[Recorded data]
Start of Block

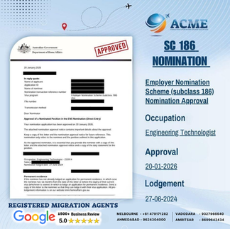 Excellent news! We have received a Nomination Approval under the Employer Nomination Scheme (subclass 186) – Direct Entry stream.
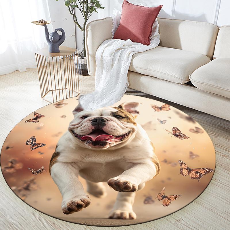 Bulldog pattern round rug,Carpet Rug for Living Room Bedroom Sofa Playroom Decor,Non-slip Floor Mat,Holiday Gifts and Birthday Gifts
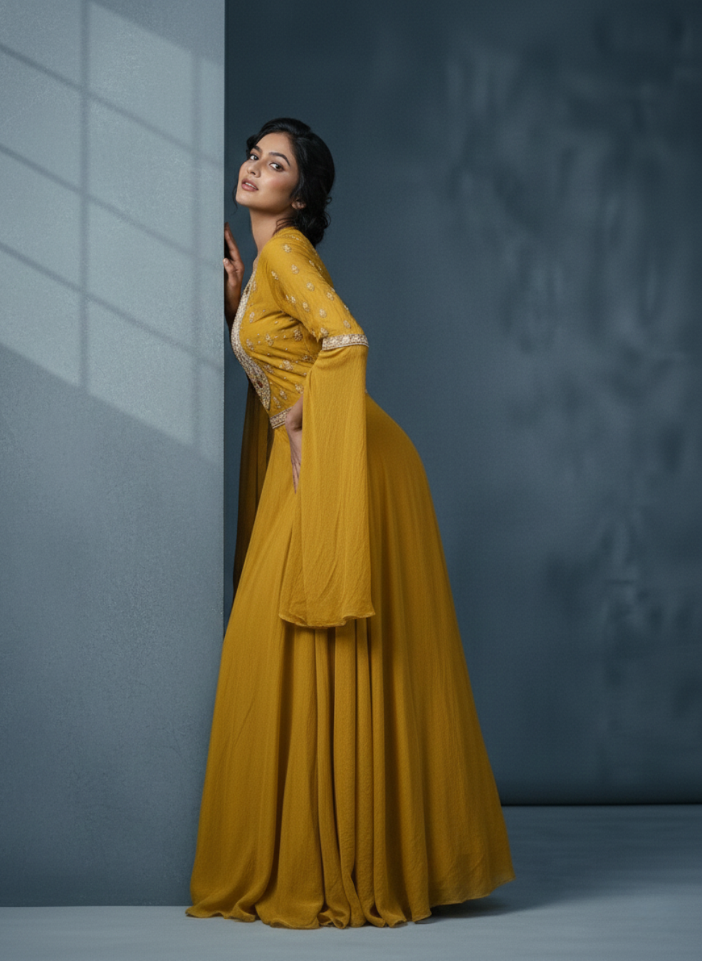 Home / Indo-Western / Gown / Crepe Royal Thread Yellow Gown
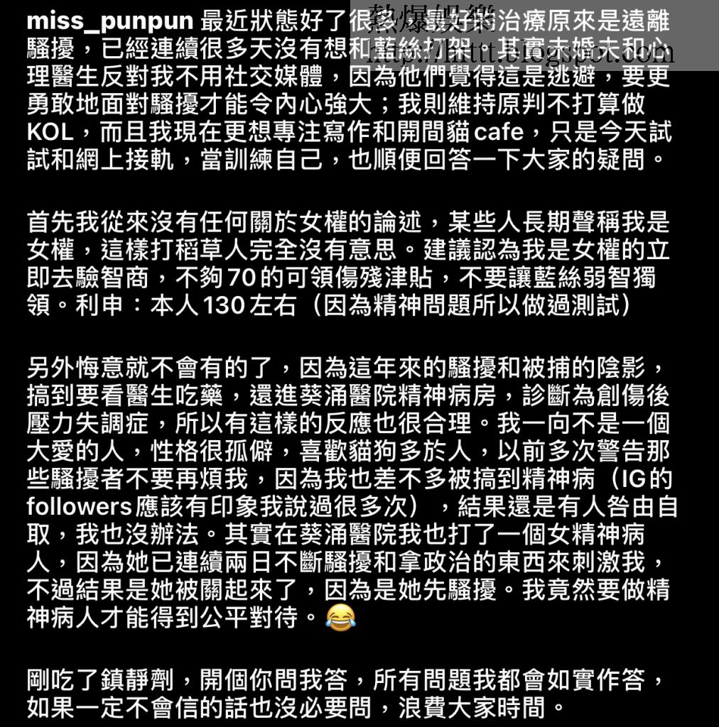 不過,Miss Pun「結業」不足半個月,就再次在instagram中發表「復出」宣言,更表示未婚夫和心理醫生反對她不用社交媒體,因為他們覺得這是逃避,要更勇敢地面對騷擾才能令內心強大,所以Miss Pun試試和網上接軌,當訓練自己也順便回答一下大家的疑問。另外,Miss Pun亦重申自己對自己所做的事沒有悔意,都是別人咎由自取,自己也沒辦法。最後更向網民大爆自己剛吃了鎮靜劑,會在instagram中開個你問我答,所有問題Miss Pun都會如實作答:
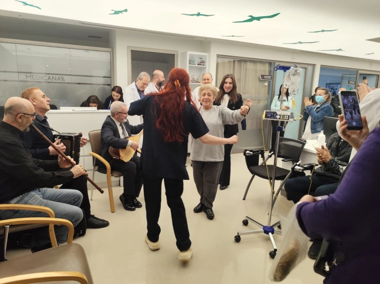 Bursa'daki hastanenin onkoloji bölümünde kanserle mücadele eden ve kanseri yenen hastalar, Kanser Haftası'nın yaklaşması nedeniyle doktorlarıyla birlikte bir motivasyon etkinliğine imza attı. Türk sanat ve halk müziği parçalarını dinleyerek ve hareketli parçalara dans ederek eşlik eden hastalar unutulmaz hatıralar biriktirdi.
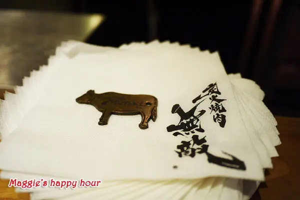 參觀完環境後回到座位上,發現壓住餐巾紙是用和牛的銅製品,挺可愛的!
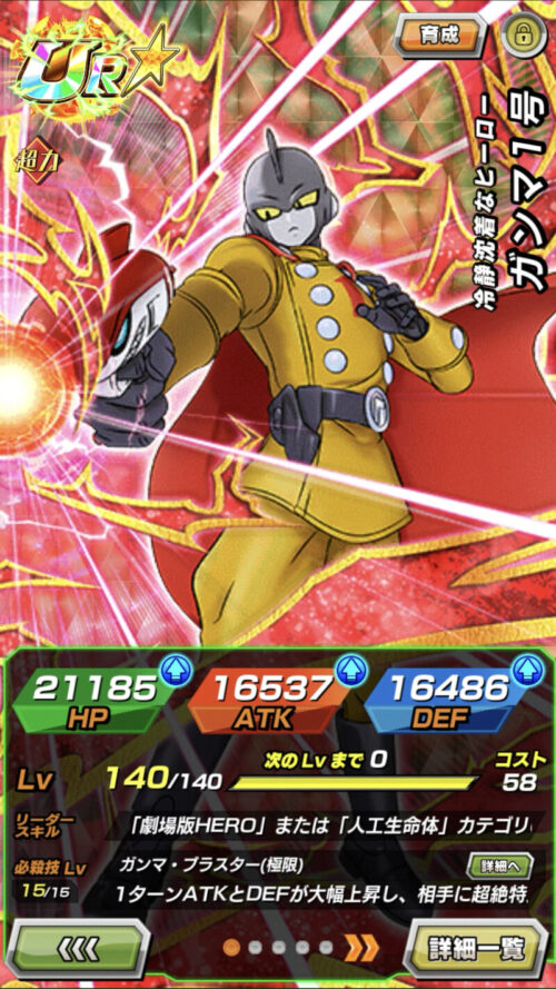 ここまで極限Z覚醒後の冷静沈着なヒーロー:ガンマ1号の使用感を書いてきましたが、極限Z覚醒前と同じく受けがスタイルでそれでも最大になるまで攻撃を受ける回数が減ったのは良かったですね!
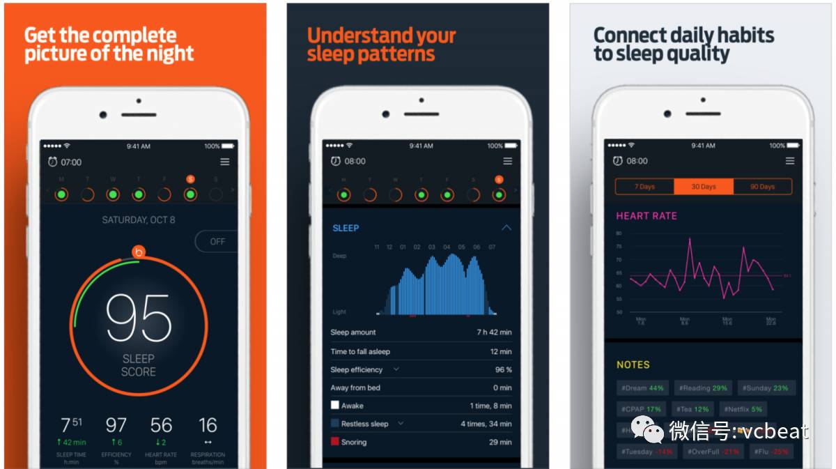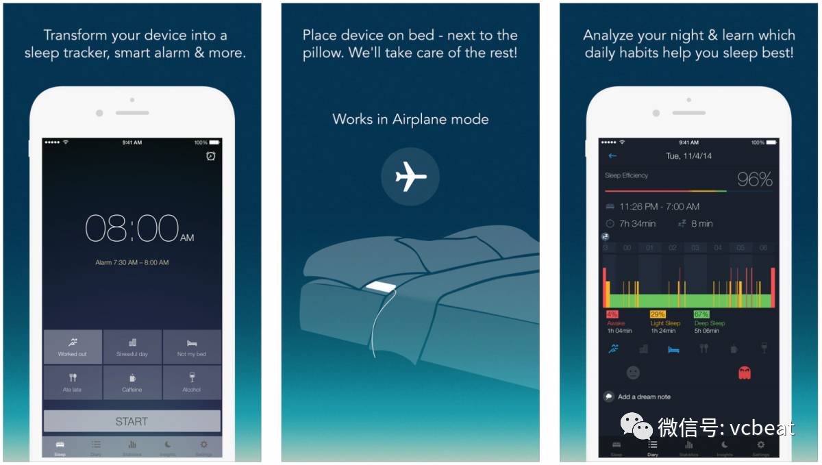 这款应用鼓励用户追踪他们生活中的其他部分,比如运动和饮食,然后分析这些因素如何影响他们的睡眠,并与苹果手机自带的健康应用结合对比,以促进睡眠。
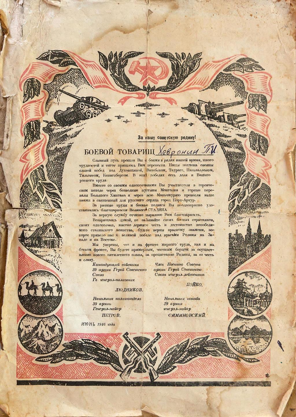 Грамота от имени Верховного Главнокомандующего И.В. Сталина. Передана в музей женой Хевронина П.И. в 1976 году.
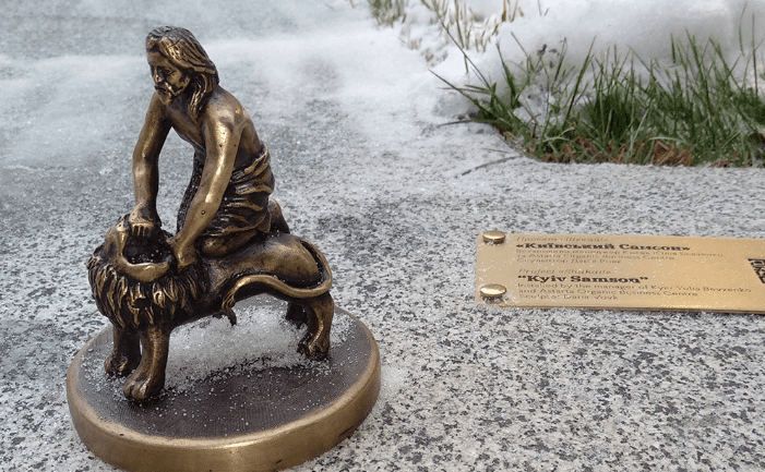 Один из старейших фонтанов украинской столицы является украшением Контрактовой площади. Он был назван в честь библейского персонажа, прославившимся своими подвигами в борьбе с филистимлянами. Мини-скульптура Самсона расположена на улице Ярославской, 58 в Киеве.
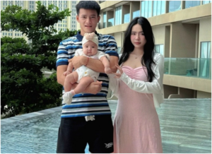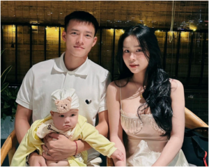 Thời điểm đó, con gái thức giấc, Ngọc Lan vào phòng dỗ dành bé. Nghe tiếng hô “vào, vào” bên ngoài, cô vội vàng bế con chạy ra. Khoảnh khắc ăn mừng càng đặc biệt hơn vì chồng là người ghi bàn thắng “quý như vàng”.

End of Block

Exercise directions ▸ Exactly the lines from the one containing "这款应用鼓励用户追踪他们生活" through the last line of the data above should be output, both ends included, with every picture left out.

Task response ▸
 这款应用鼓励用户追踪他们生活中的其他部分,比如运动和饮食,然后分析这些因素如何影响他们的睡眠,并与苹果手机自带的健康应用结合对比,以促进睡眠。
 Грамота от имени Верховного Главнокомандующего И.В. Сталина. Передана в музей женой Хевронина П.И. в 1976 году.
 Один из старейших фонтанов украинской столицы является украшением Контрактовой площади. Он был назван в честь библейского персонажа, прославившимся своими подвигами в борьбе с филистимлянами. Мини-скульптура Самсона расположена на улице Ярославской, 58 в Киеве.
 Thời điểm đó, con gái thức giấc, Ngọc Lan vào phòng dỗ dành bé. Nghe tiếng hô “vào, vào” bên ngoài, cô vội vàng bế con chạy ra. Khoảnh khắc ăn mừng càng đặc biệt hơn vì chồng là người ghi bàn thắng “quý như vàng”.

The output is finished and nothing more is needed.